歴史の世界

3つのイメージ/ネオリアリズム

「3つのイメージ」はケネス・ウォルツ氏が考え出した国際政治の分析方法(1959年『人間・国家・戦争ー国際政治の3つのイメージ』)。

浅いことしか書けないが、備忘録として。

3つのイメージ

f:id:rekisi2100:20210225040748p:plain:w300

国際政治を分析する時に、3つの分析方法に区分する。
【例】として、現在進行している米中冷戦を付け加える。

  1. ファーストイメージ:外交・安全保障を決定する個人、つまり大統領や首相に焦点を当てる。
    【例】バイデンと習近平

  2. セカンド・イメージ:国内事情、国内の組織に焦点を当てる。ただし国際政治を動かす国家とは大国だけだ(中小国は対象外)。
    【例】アメリカなら、民主党共和党の対立や、対中強硬路線の議会(両党とも)など。中国も習近平の権力集中が強まっているものの、内部で抗争があるようだ。

  3. サードイメージ:環境とはすなわち国際情勢のことなのだが、「3つのイメージ」を考案したケネス・ウォルツ氏によれば、目まぐるしく変わる短期的な情勢ではなく、国際政治を動かす法則に照らし合わせて、現在を分析し将来を予測する。
    よって国際政治を動かす法則を知らなければならないのだが、その法則とはネオリアリズムという考え方になる。
    ウォルツ氏自身は国際政治はサード・イメージで動いていると主張する。

とにかく、国際政治を動かす起因は3つの要因の中の一つあるいは複数が絡み合った形で現れる。これが3つのイメージの考えだ。

ネオリアリズム

リアリズムについては以前に当ブログで書いた。ネオリアリズムはこれと別個のものではなく、リアリズムの一部だ。

ネオリアリズム(ネオリアリスト)という一派はケネス・ウォルツ氏から始まった。それまでの古典的リアリズムは「人間の権力欲から権力闘争を行う」と考えていたが、ウォルツ氏はこのような考えに国際システムという法則性を加えた。

ただし、ウォルツ氏は国際政治を個々の国家の総体と見るのではなく、それぞれの国家の差異を些末なことと切り捨てて同質のものとして考える。
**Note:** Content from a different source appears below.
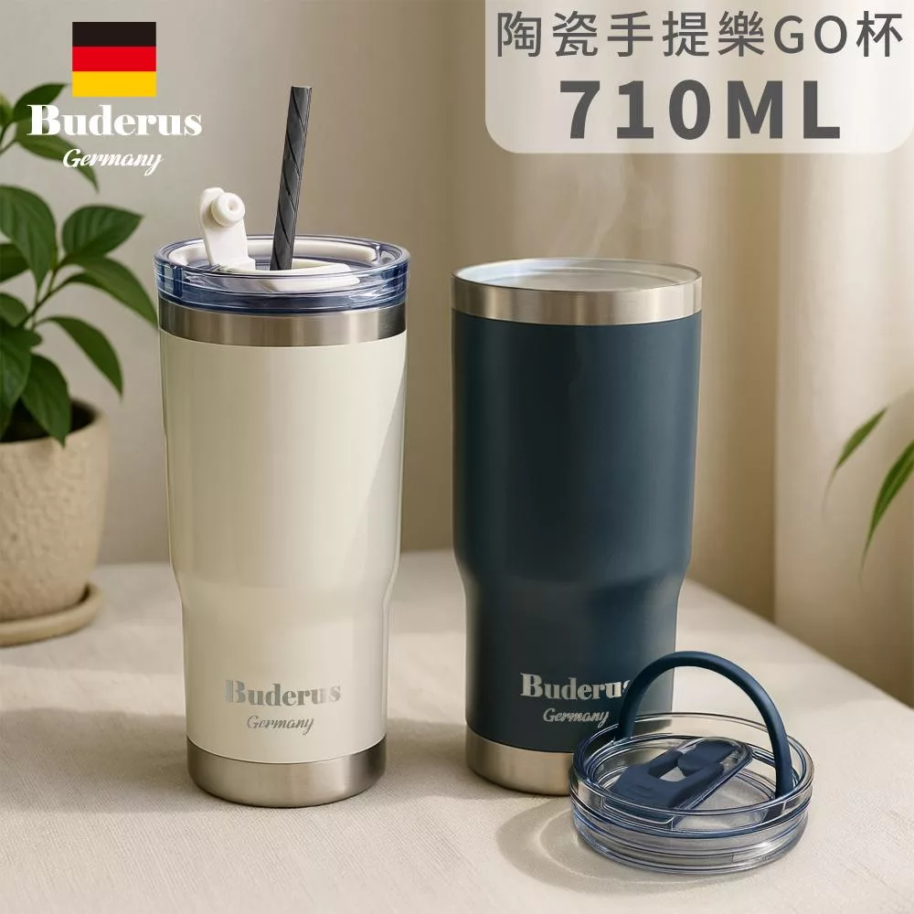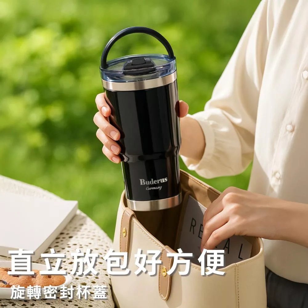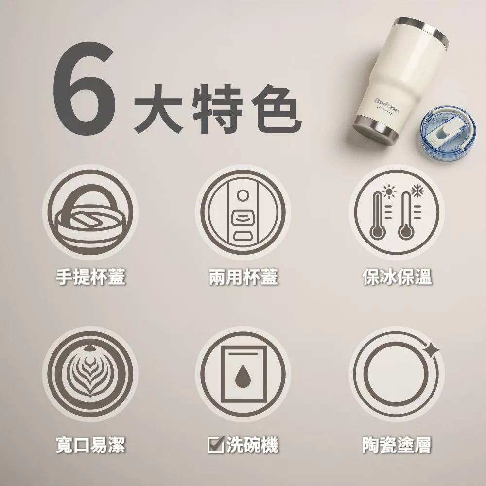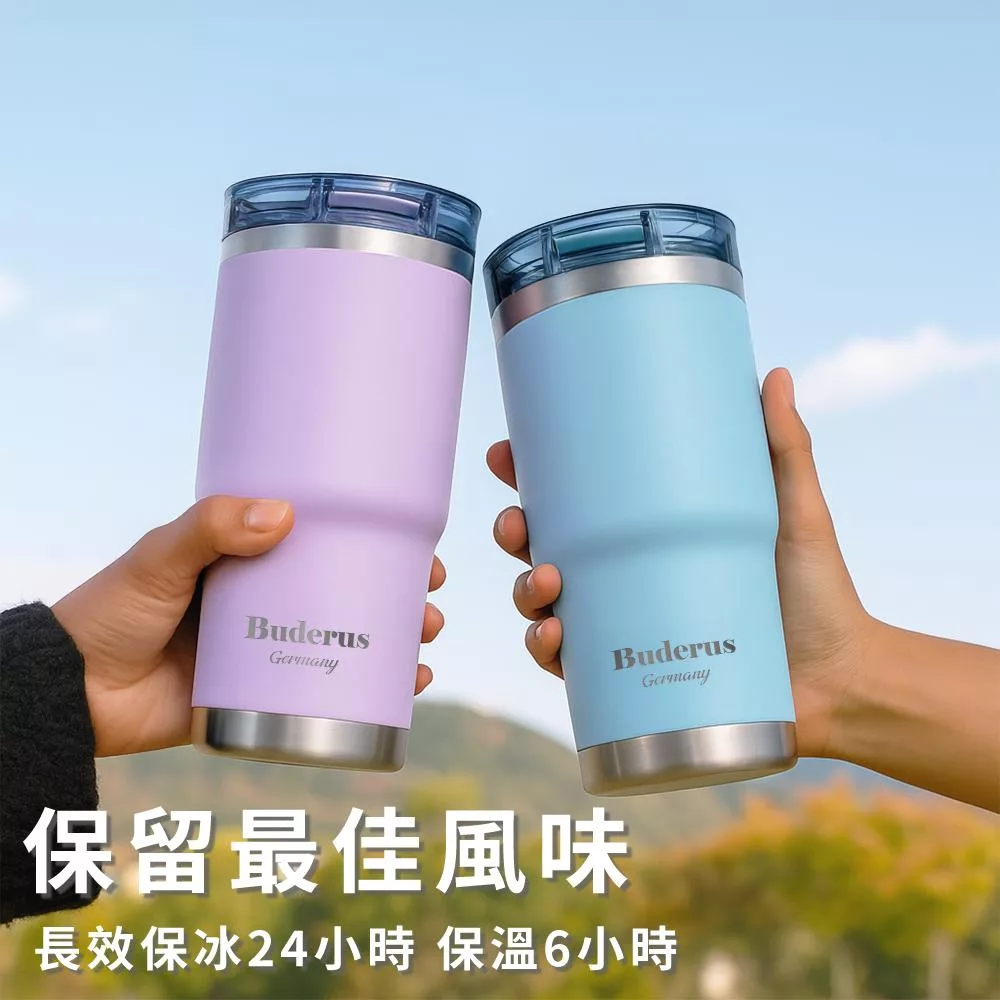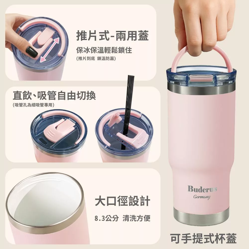買一送一【BLACK HAMMER】鈦芯涼不鏽鋼保溫保冰吸管杯860ml 加碼贈杯刷(顏色隨機x1)

例えば、アメリカと中国の性質は普通に考えれば全く異質なのだが、ウォルツ氏の味方はこの差異を捨象する(法則を単純化(モデル化)するため)。

ネオリアリズムの国際システム(国際政治の法則)とは、

  • 国際政治は無政府状態アナーキー)だ(各国を法的に支配する「世界政府」は存在しない)。
  • 国家(大国)は国益のために、または国家間の相互不信のために、争いをやめることができない。「平和」とは休戦状態または小康状態のことである(勢力均衡状態=バランス・オブ・パワー)。
  • 国際政治は、国際システムという法則によってほぼ決まる(これを抜きにして、個人や国家の意思だけで決まることはほぼ無い)。
  • 国際システムはバランス・オブ・パワーで説明される。

バランス・オブ・パワーについては後述するとして、要するに、ウォルツ氏を含むネオリアリスト一派は国際システムを物理法則と同じように考え、国家(大国)は物理法則によって動かされる物体と同質だという考えだ。そして物体の中身については考慮しない。社会現象のモデル化。
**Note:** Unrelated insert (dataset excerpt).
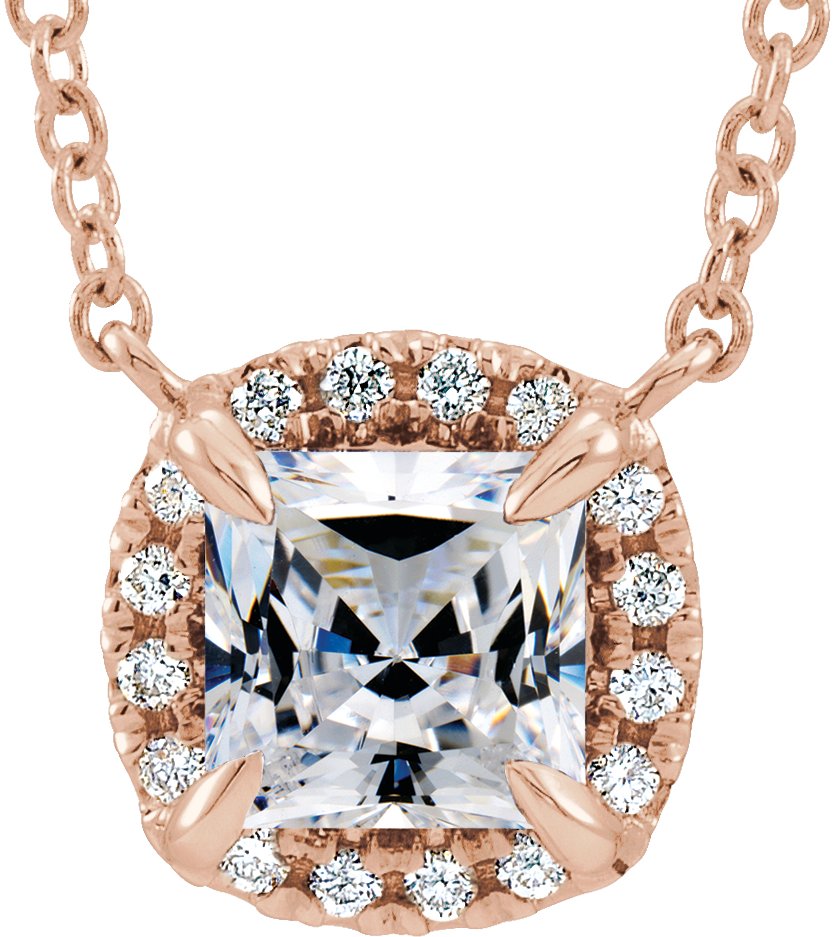 14K Rose 4x4 mm Square Sapphire & .05 CTW Diamond 16 inch Necklace

ここで注意点を一つ。大国とは基本的に核兵器を保持する国のことを指す。核兵器を持つことは国際政治を動かす意思の表明ということになる。つまり北朝鮮はその意思を持ち、日本は持たない。

バランス・オブ・パワー

バランス・オブ・パワーについては以前に書いた(リンク)。この記事か以下の奥山真司氏のブログ記事を参照のこと。
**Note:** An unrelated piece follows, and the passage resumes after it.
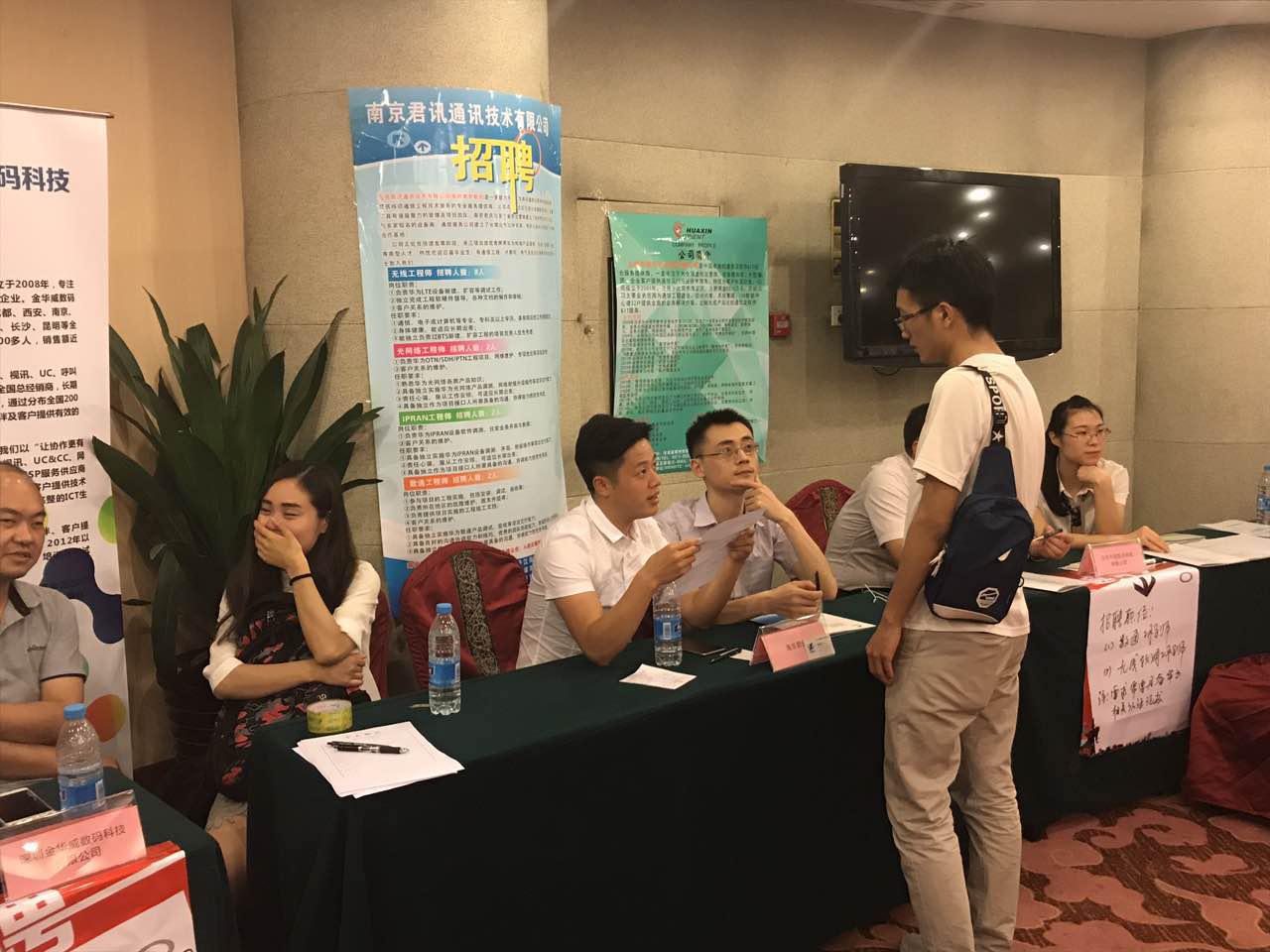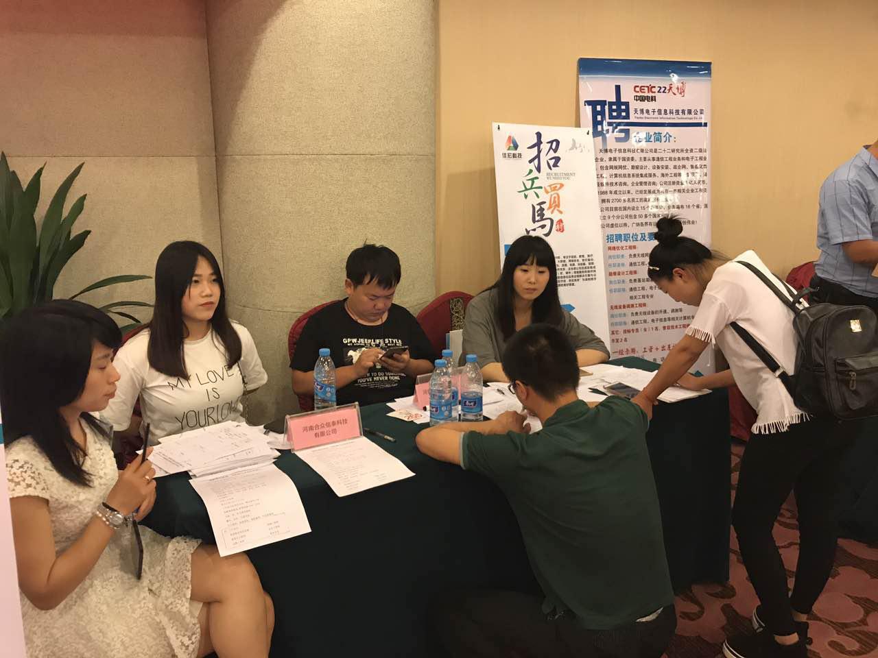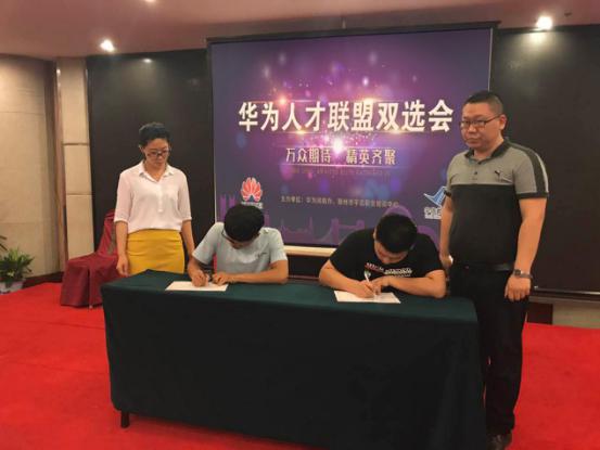 现场的企业、学生通过面对面交流,进一步深入的了解之后,直接达成共识,现场签约,学生在刚出校门就被企业选中,进入好的平台提升学习,实在是一件幸事,企业在上百人中挑到合适、满意的人才,也是不易。达到了企业寻求人才,人才寻找岗位的双赢,实在可喜可贺! 华为2017河南区人才联盟双选会现场签约单位:神州数码信息股份有限公司、郑州华商电子科技有限公司、陕西瑞达沣通信技术有限公司、河南省高校新技术有限公司、郑州华尊信息技术有限公司等华为生态合作伙伴!

簡単に言えば、一つは大国間の軍事的均衡、もう一つは覇権国家が第二位の大国(挑戦者)を攻撃するというもの。

前者はイメージしやすい。お互いに国益を主張したり足を引っ張ったり牽制しあって均衡が保たれる。

後者は、今現在のアメリカと中国のことだ。覇権国家アメリカが挑戦者中国を攻撃している。ただし、攻撃すると言っても武力衝突すると、時刻の損害が大きいので、第三位以下の国と同盟を組んで外交その他で、挑戦者の勢力を縮小させようとする。挑戦者もやられっぱなしというわけにはいかないので、こちらも諸国と同盟するなどして防御・反撃する。こうして均衡が保たれる。

このようなわけで、ネオリアリズムにおいては、冷戦でも均衡を保たれていれば、「平和」と言える。

米中衝突は国際システムの法則の中にある

最後に米中冷戦の話。

バイデン大統領は親中派だと言われてきたが、上述のバランス・おブ・パワーの法則により、米中の衝突は既定路線であり、バイデンが親中派であってもその流れを止めることはできないよ、という話。さらにバイデン大統領自身に政治力はなく(ファースト・イメージ)、議会は圧倒的に対中強硬路線(セカンド・イメージ)という状況で、冷戦が加速する要素はあれど、減速する要素がない。